Focus Features/Everett Collection
"Burn After Reading" is one of the funniest films made this century. I have to list its chief assets: Brad Pitt, giving every hint that comedy could be his thing; George Clooney, beginning to get into an exploration of how fake he is—surely his destiny as an actor if he is to avoid being another Robert Redford; Tilda Swinton, possessed by such secret, towering furies; Frances McDormand—enough said; Richard Jenkins, unlucky again; and, of course, John Malkovich, being deeply wronged—that really is the proper use of his unapologetic superiority. I could find moments among that group, and intricacies of plot that would take several hundred words to describe.
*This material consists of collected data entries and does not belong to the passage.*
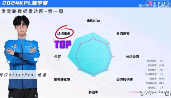 夏季赛第一周发育路雷达图:决意、妖刀、道崽发挥出色
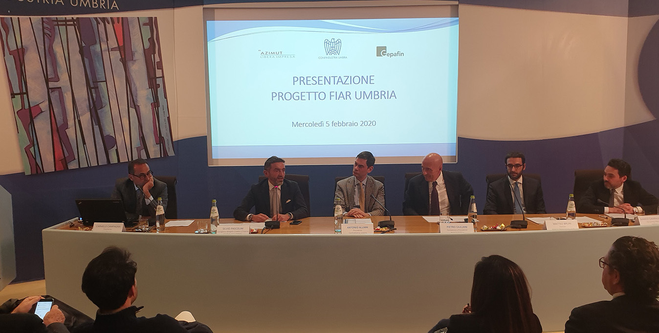 È stato presentato ai rappresentanti del sistema produttivo il fondo di investimento “Fiar Umbria” (Fondo di investimento alternativo e riservato), promosso da Confindustria Umbria insieme alla finanziaria regionale Gepafin e ad Azimut Libera Impresa SGR. Si tratta della prima iniziativa di questo genere in Italia che soltanto nella giornata di presentazione ha avuto manifestazioni di interesse per oltre 2 milioni di euro.
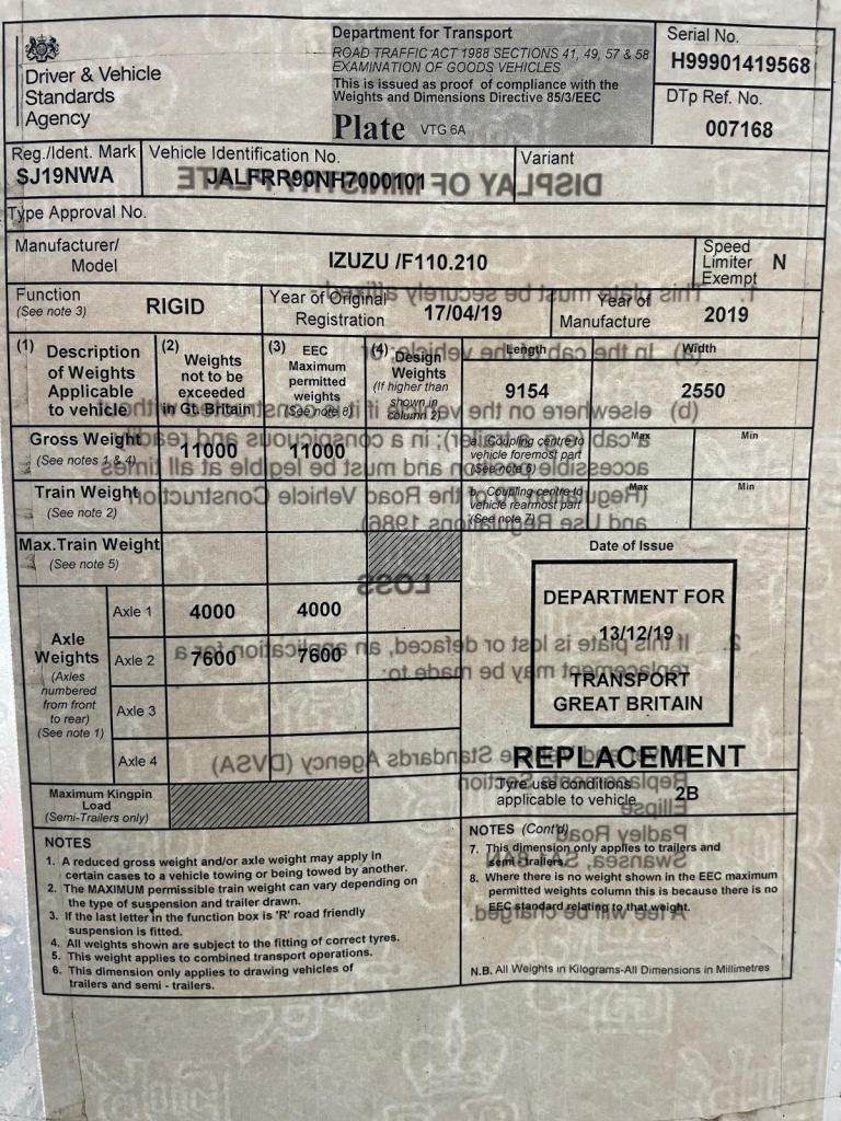 2019 19 REG ISUZU FORWARD F110.210 11 TON EURO 6

But what I like most of all, and what goes to the heart of our obsession with “Intelligence” that defies its own name is the final scene involving two supporting actors—if you are still locked into that scheme of labeling. They are David Rasche as a CIA officer and J. K. Simmons as his superior. We have seen them briefly earlier, but this set-piece scene is simply the officer reporting to the superior on how the chaos of the film has been cleared up, and the superior’s weary knowledge that this entire CIA thing might be so much more manageable if there were no people. Human nature is always going to get in the way. The humor springs from Rasche and Simmons both playing the scene dead straight, and I can believe that much of the dialogue could have come from a real conference in that hallowed organization at Langley (if it’s really there).